Rethinking Search Success Metrics

Rethinking Search Success Metrics

 

This doc takes a step back to ask whether focusing on search efficiency and hit rate really makes the most sense. It looks at the bigger picture—like what users are actually trying to do and what makes search truly useful—and explores whether there might be better goals to aim for when improving the search experience.

 

1. Evaluating Search Efficiency & Hit Rate as KRs

Pros of Targeting Search Efficiency & Hit Rate

Search Efficiency (e.g., Time to First Relevant Result, Search Abandonment Rate)

  • Helps reduce friction in search workflows.

  • Aligns well with UX improvements.

  • Improves time-to-insight, which is crucial for researchers.

Hit Rate (e.g., Query Success Rate, Precision@K)

  • A higher hit rate means better search relevance.

  • Helps ensure that searches are retrieving useful results.

  • Can be used as an internal measure of search model quality.

Cons & Potential Gaps

🔴 Doesn't Directly Measure Scientific Outcomes

  • A researcher finding a dataset doesn’t mean it's useful for their work.

  • Hit rate might be misleading if it counts "any" retrieved results instead of "meaningful" ones.

🔴 Might Overemphasize Low-Hanging UX Fixes

  • Improvements in efficiency might not translate to better scientific insights.

  • Efficiency gains do not necessarily make the search system smarter.

🔴 Fails to Account for Data Reuse & Discovery Impact

  • A search might lead to a dataset download, but that dataset's actual use is not tracked.

  • It does not capture whether search facilitates new biomedical discoveries.

2. Alternative or Complementary KRs to Consider

To ensure that biomedical researchers find, understand, and reuse data effectively, better metrics that track meaningful success should be considered. These include:

A. Researcher Success & Engagement Metrics

📌 Search-to-Download Conversion Rate

  • Definition: % of searches that result in a dataset download.

  • Why? Ensures that search helps users find datasets they deem valuable enough to use.

📌 Search-to-Use Rate (via Citation or API Calls)

  • Definition: % of downloaded datasets that are later referenced in publications or accessed via API repeatedly.

  • Why? Directly links search success to scientific impact.

📌 Query Reformulation Rate

  • Definition: % of searches where users modify their query due to poor results.

  • Why? A high rate signals frustration and poor search quality.

B. Dataset Understanding & Accessibility Metrics

📌 Dataset Exploration Rate

  • Definition: % of users who click through metadata, documentation, or previews before downloading.

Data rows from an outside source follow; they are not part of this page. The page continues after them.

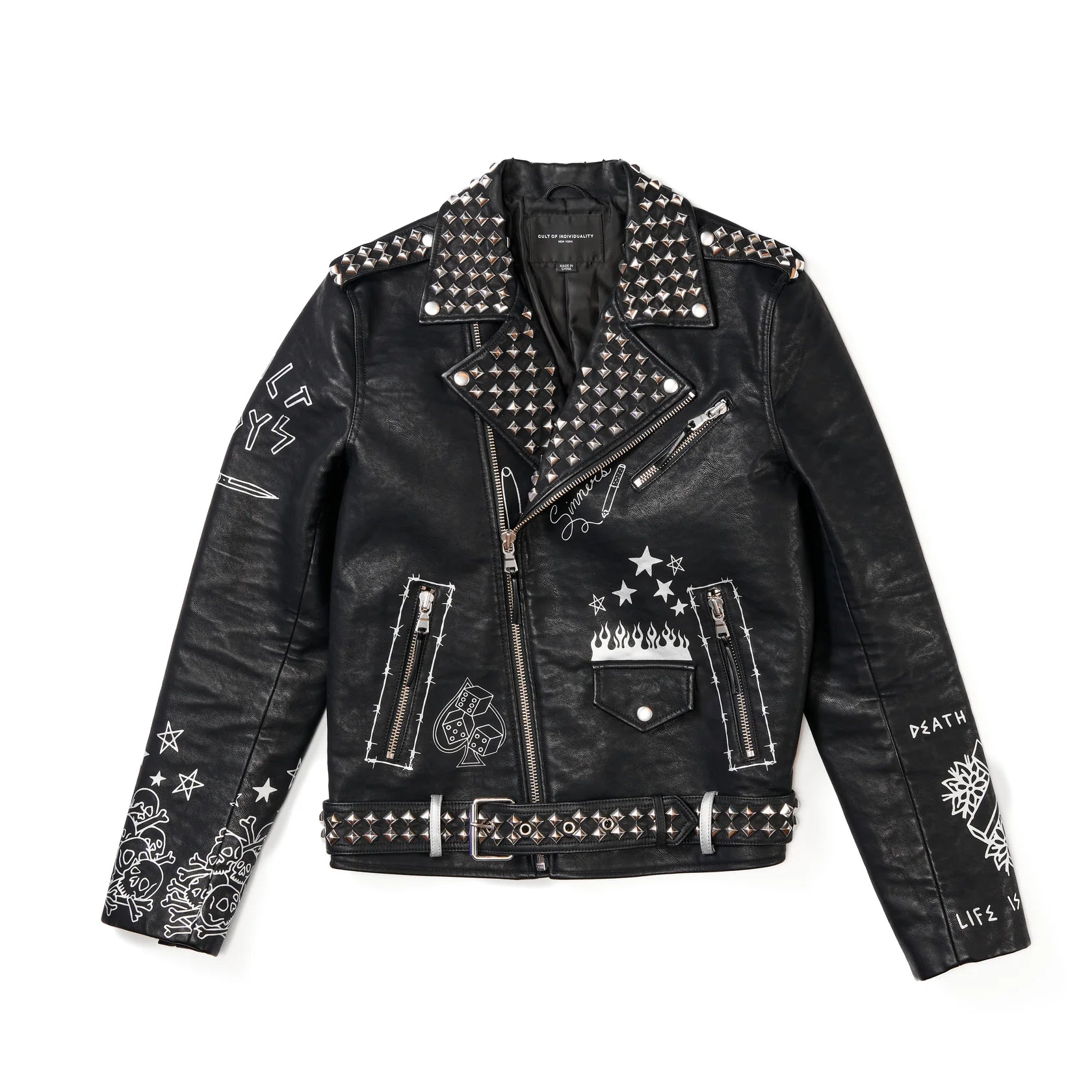 Our vegan leather motorcycle jacket is adorned with printed quotes and graphics throughout the jacket and an oversized print on the back, studs on the collar, shoulders, and belt, and zipper accents on the sleeves.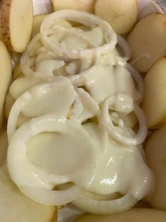 My second recommendation or critique would be to add more layers of the potatoes and onion in the casserole dish. All Recipes suggests 2 layers – but I fit about 5!
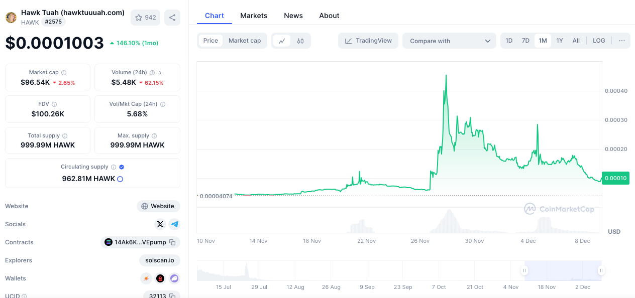 Haliey Welch, the Hawk Tuah girl, has found herself at the center of a royal crypto fuck up. She decided to launch a memecoin called $HAWK and it immediately shot up to over almost $500 million in valuation before dropping more than 90% in a few hours.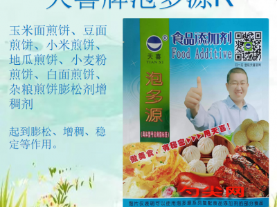 ★功能作用:〔泡多源R型 〕用于玉米面煎饼、豆面煎饼、小米煎饼、地瓜煎饼、小麦粉煎饼、白面煎饼、杂粮煎饼、裹粉、面糊、酥条、薄脆、薄烧饼、炸丸子等各类烘焙看、油炸食品,起到膨松、增稠、稳定等作用。用于煎饼、薄脆、薄烧饼还可以减少破碎率,防止折叠断裂等作用。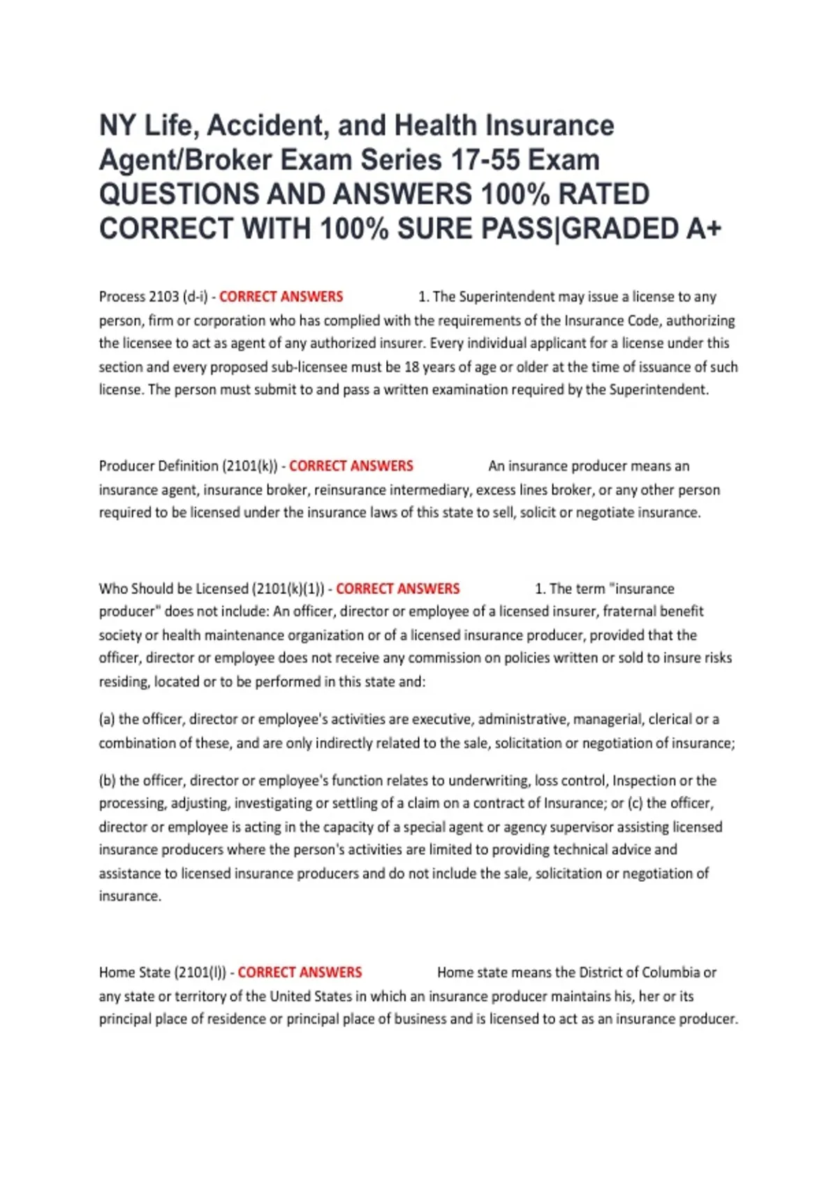 Agent 2101(k) - CORRECT ANSWERS insurance producer means an insurance agent,
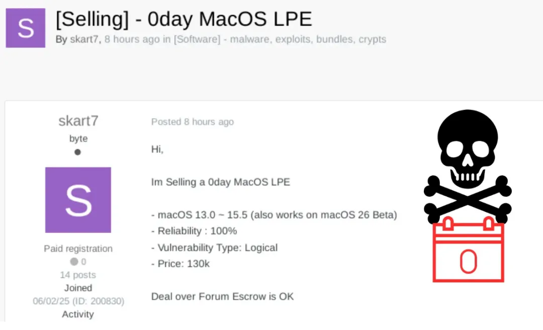 近日,代号为“skart7”的黑客在黑客论坛兜售针对苹果macOS操作系统的零日本地提权漏洞(LPE),这一消息引发了macOS用户尤其是企业和高价值目标组织的高度警惕。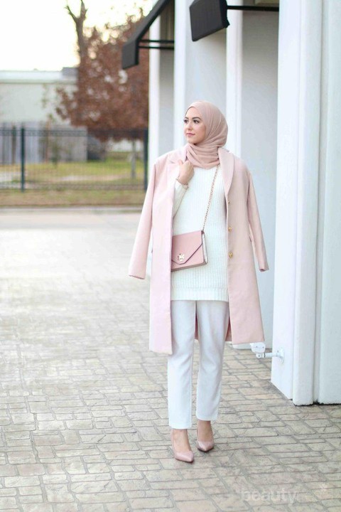 Putih, pink, dan brown... Why not? Kamu bisa pakai sweater berwarna broken white dipadukan celana putih, lalu padukan dengan coat pink pastel. Cute. Untuk hijab, kamu bisa gunakan warna soft bronze/brown untuk kesan lebih lembut dan cute. Jangan lupa tas dan sepatu pastel juga, Ladies.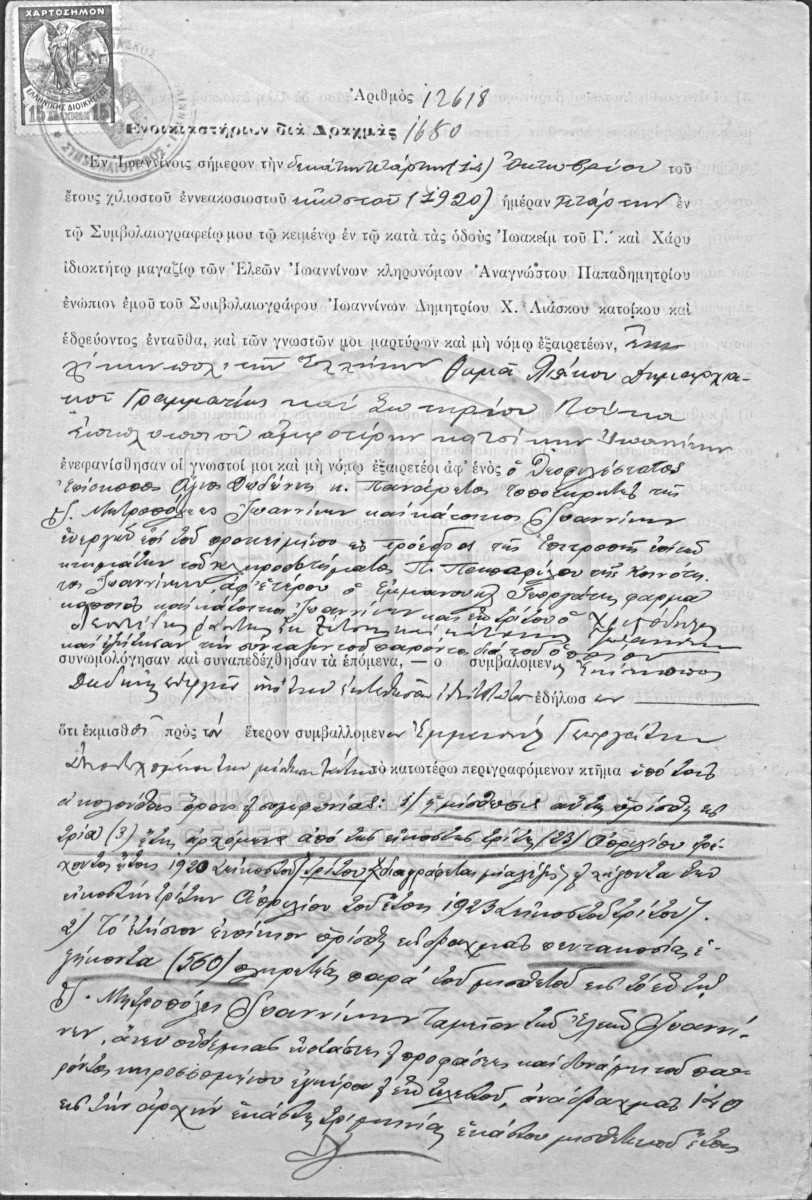 [Pièce] GRGSA-IAE_NOT002.01.F000029.IT012618 Pièce #12618 [14 Οκτωβρίου 1920] Συμβολαιογραφική πράξη. Ενοικιαστήριο. |

  • Why? Indicates whether users understand what they are obtaining before committing.

📌 Semantic Match Rate

  • Definition: % of queries where users engage with conceptually similar (not just keyword-matched) datasets.

  • Why? Tests whether semantic search is effectively surfacing relevant datasets.

3. Recommendation

Prioritizing KRs like Search-to-Use, Dataset Engagement, and Reusability over efficiency and hit rate may better align with the goal of driving biomedical discoveries. However, if the focus is on improving the search system in the short term, tracking efficiency can still be useful—provided it serves as a foundation for better discovery and impact.